#### Dataset entries
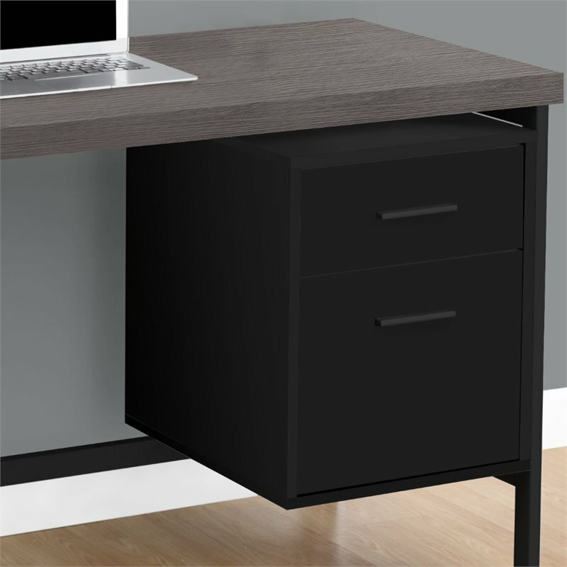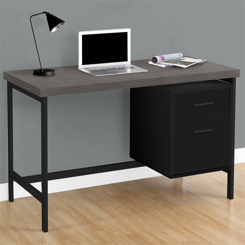 Sleek and contemporary, this black desk with a gray wood-look top, finished on all sides, is the perfect combination of function, durability and design in a modern form. With clean lines, a large, thick paneled surface and stylish silver metal legs, this piece will add pizzazz to any home office. Featuring a large storage drawer and a file drawer accented by black drawer pulls to help keep your office supplies and documents organized and desktop clutter free. This desk provides plenty of room to meet your working needs without compromising style making this a must have in any home office. Features: Finish: Black and Gray Material: Particle Board, Hollow-Core, Laminate, MDF, and Metal Large thick paneled work surface finished in a gray wood-look with a stylish black base 1 closed storage drawer 1 file drawer accommodates standard sized documents Contemporary industrial inspired design Finished on all sides Specifications: Product Dimensions: 30.75" H x 47.25" W x 23.75" D Product Weight: 75 lbs Drawer Dimensions: (Top) 6" H x 12.5" W x 13.25" D Drawer Dimensions: (File) 12.5" H x 12.5" W x 17" D Top Dimensions: 1.75" Thick Number of Drawers: 2
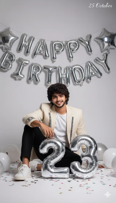 Adivasi studio photoshoot of me (same face & hairstyle as reference), sitting casually on floor in front of silver “HAPPY BIRTHDAY” + star balloons. Wearing cream/black suit, plain white tee, white sneakers. Large metallic silver “23” balloons in front, floor decorated with shiny confetti & balloons. Cinematic bright high-fashion lighting, sharp contrast, fun party vibe.Birthday coming soon 25 October
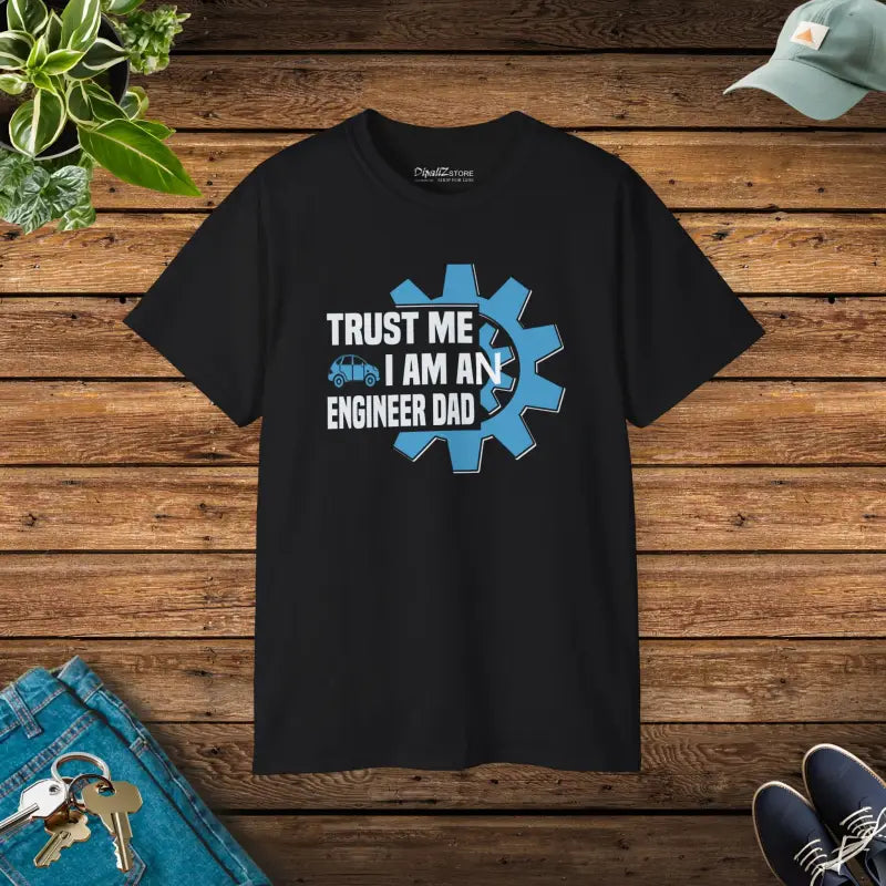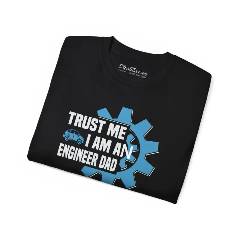 Print: Trust me I am an Engineer Dad in bold, witty lettering that gets smiles wherever you go.
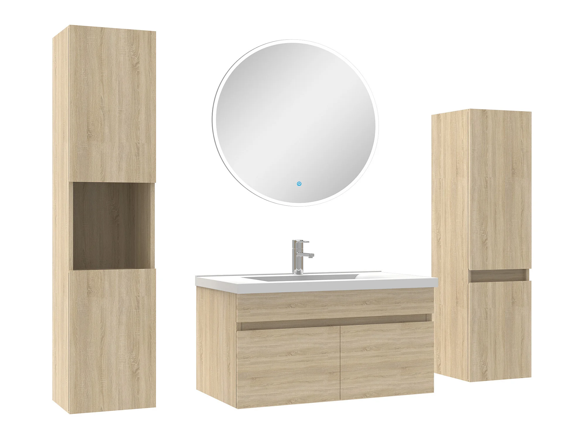 Meuble Salle de Bain Chêne Wotan 80cm simple vasque + colonne + miroir rond LED
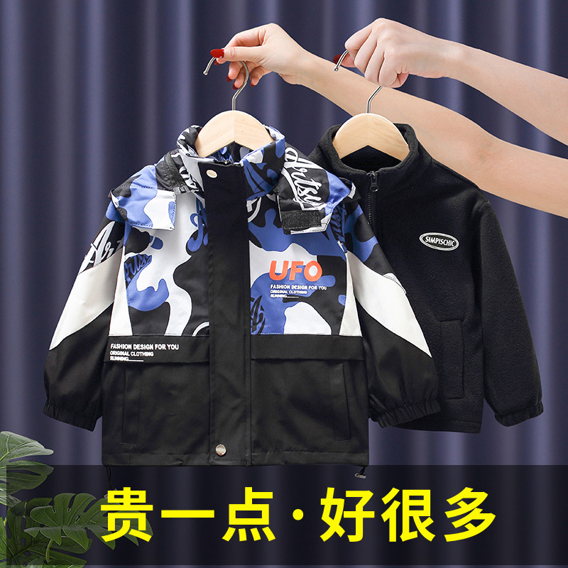 男童冲锋衣可拆卸加厚加绒中小童风衣三合一洋气宝宝外套秋冬时尚
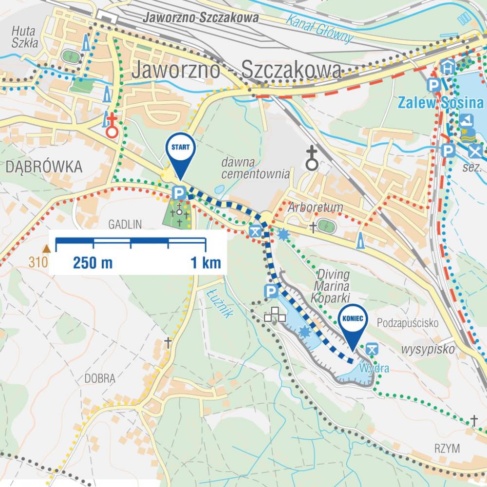 SAM/BUS parkujemy przy ul. Jaworowej na parkingu przy cmentarzu komunalnym. Wychodzimy na ul. Jaworową, skręcamy w lewo, dochodzimy do ul. Sobieskiego, skręcamy w prawo i chodnikiem wędrujemy do ronda. To odcinek o długości 600 m. Z ronda wchodzimy w ul. Płetwonurków i nią dochodzimy do Zbiornika Koparki. Tu, w nieczynnym już kamieniołomie dolomitu Gródek zalanym wodą, powstało popularne centrum nurkowe Diving Marina Koparki. To jedno z najpopularniejszych polskich miejsc do nurkowania. Znajduje się tu całoroczna baza nurkowa „Koparki”.
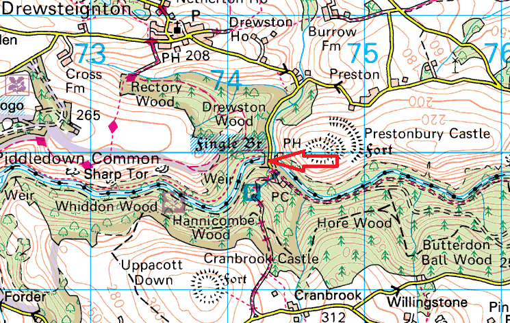 Fingle Bridge is a 17th-century stone arch bridge carrying an unclassified road over the River Teign near Drewsteignton, This packhorse bridge has three arches and the two central piers are surrounded by triangular cutwaters extending upwards to form pedestrian refuges, and it is a Grade II listed structure. There is a fine pub, the Fingle Bridge Inn right by this bridge and a classic walk from Castle Drogo via the Hunters path brings you here, before returning via a path on the south of the river. The bridge takes its name from the Fingle Brook which flows into the River Teign at this point. The bridge sits on a key crossing point of the Teign between Prestonbury and Cranbrook Castles.
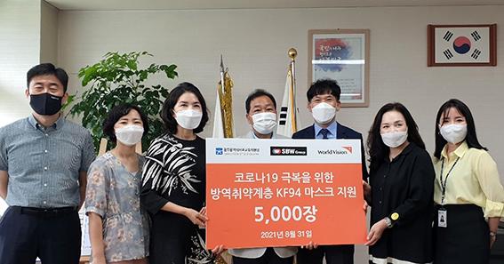 월드비전 광주전남지역본부가 31일 광주서부교육지원청을 방문해 특수학교 학생들의 건강한 학교생활을 위한 코로나19 예방 KF94 마스크 5,000장을 전달했다.
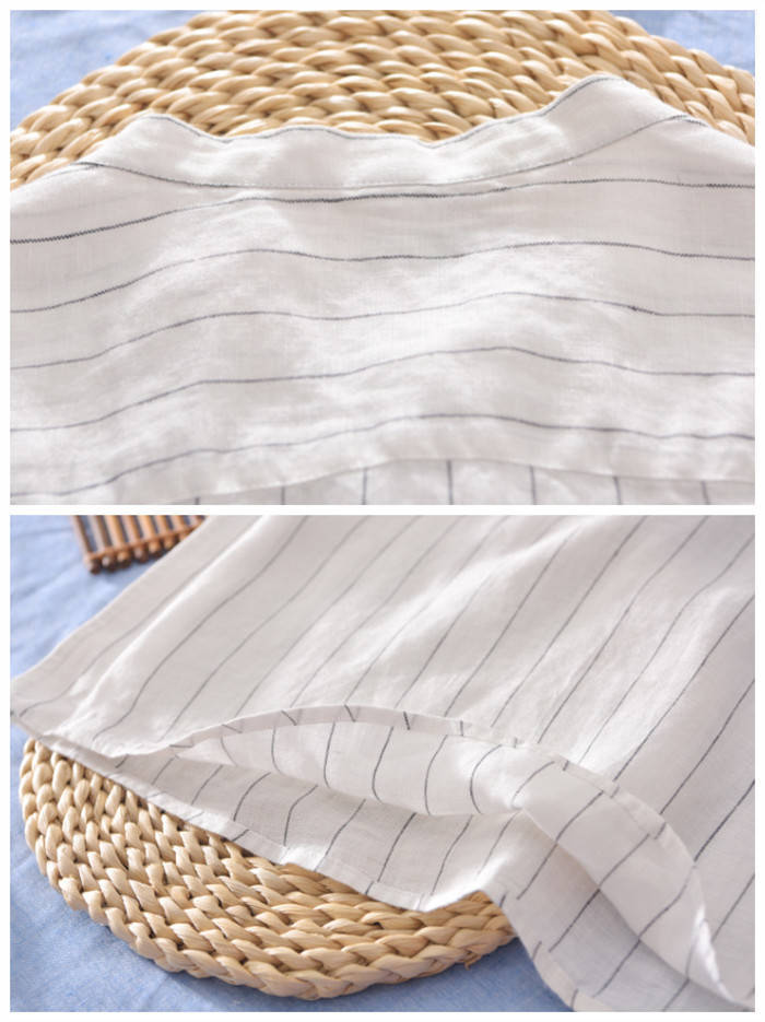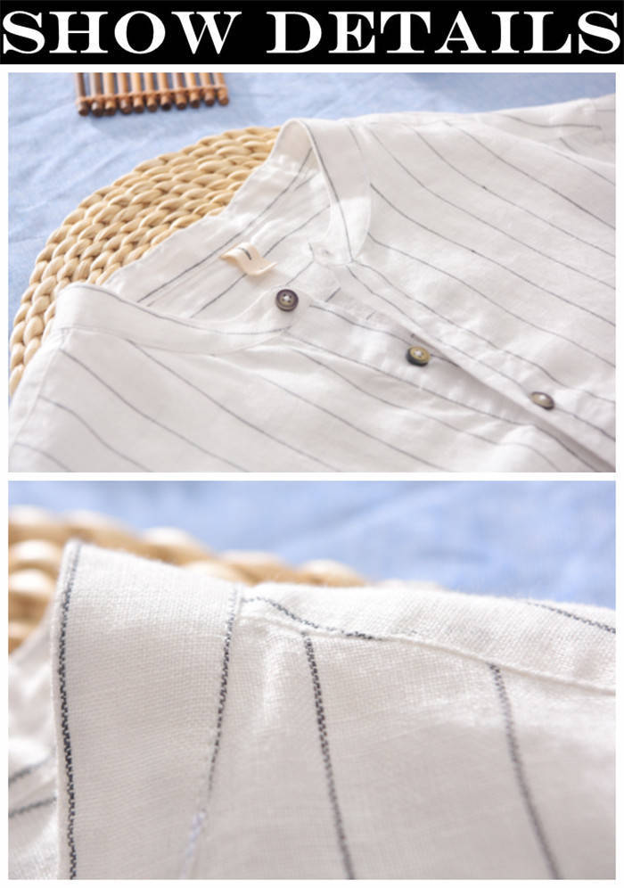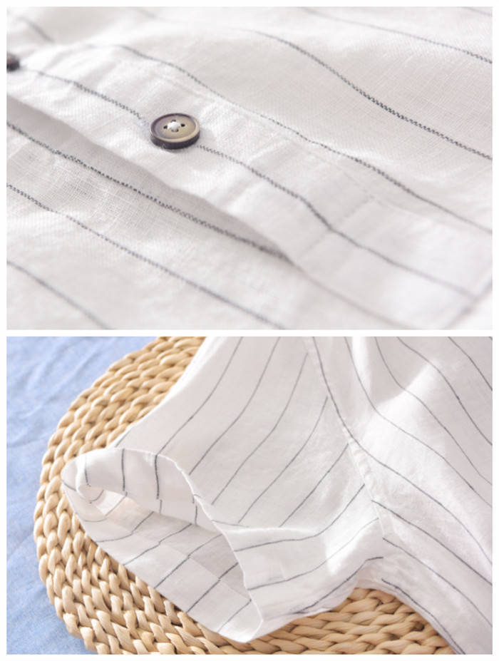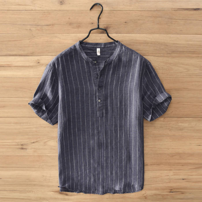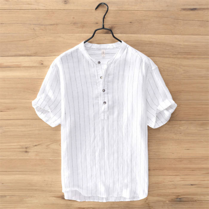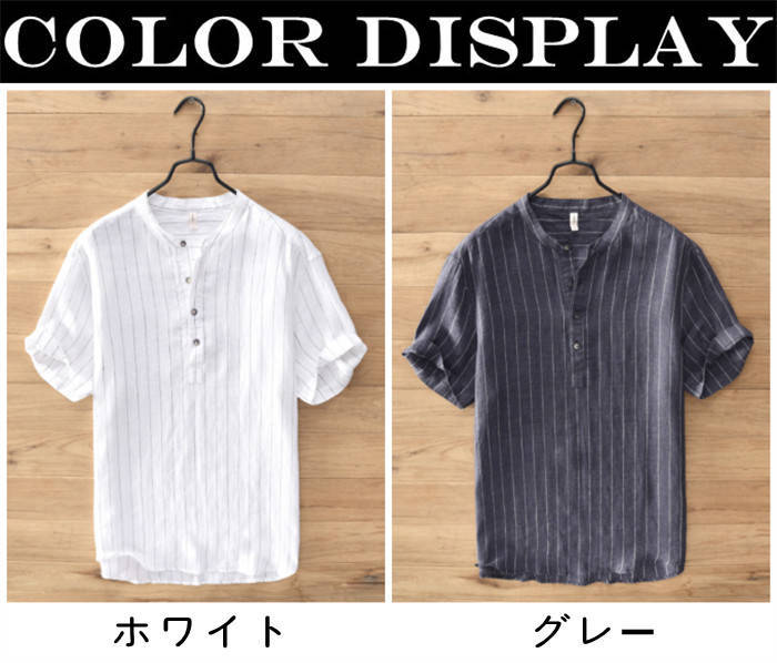 綿麻 半袖Tシャツ 立ち襟 ストライプ
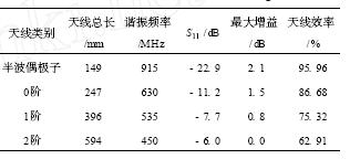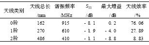 從圖3和表1可以看出,相對于相同縱向長度的普通偶極子天線,隨著分形階數的增加, 0~2階二維Hilbert標簽天線的方向圖基本保持不變,但諧振頻率逐漸減小: 2階二維Hilbert標簽天線的諧振頻率約為410MHz,若要保持諧振頻率為915MHz,則2階二維Hilbert標簽天線的等邊長度約為0. 46 h.

#### Problem requirements
Above this task is a listing with pictures in it. Retype only the lines from the one containing "Print: Trust me" through the one containing "男童冲锋衣可拆卸加厚加绒中小童风衣三合一洋气宝宝外套秋冬时尚", both included, and not the pictures.

#### Response area
 Print: Trust me I am an Engineer Dad in bold, witty lettering that gets smiles wherever you go.
 Meuble Salle de Bain Chêne Wotan 80cm simple vasque + colonne + miroir rond LED
 男童冲锋衣可拆卸加厚加绒中小童风衣三合一洋气宝宝外套秋冬时尚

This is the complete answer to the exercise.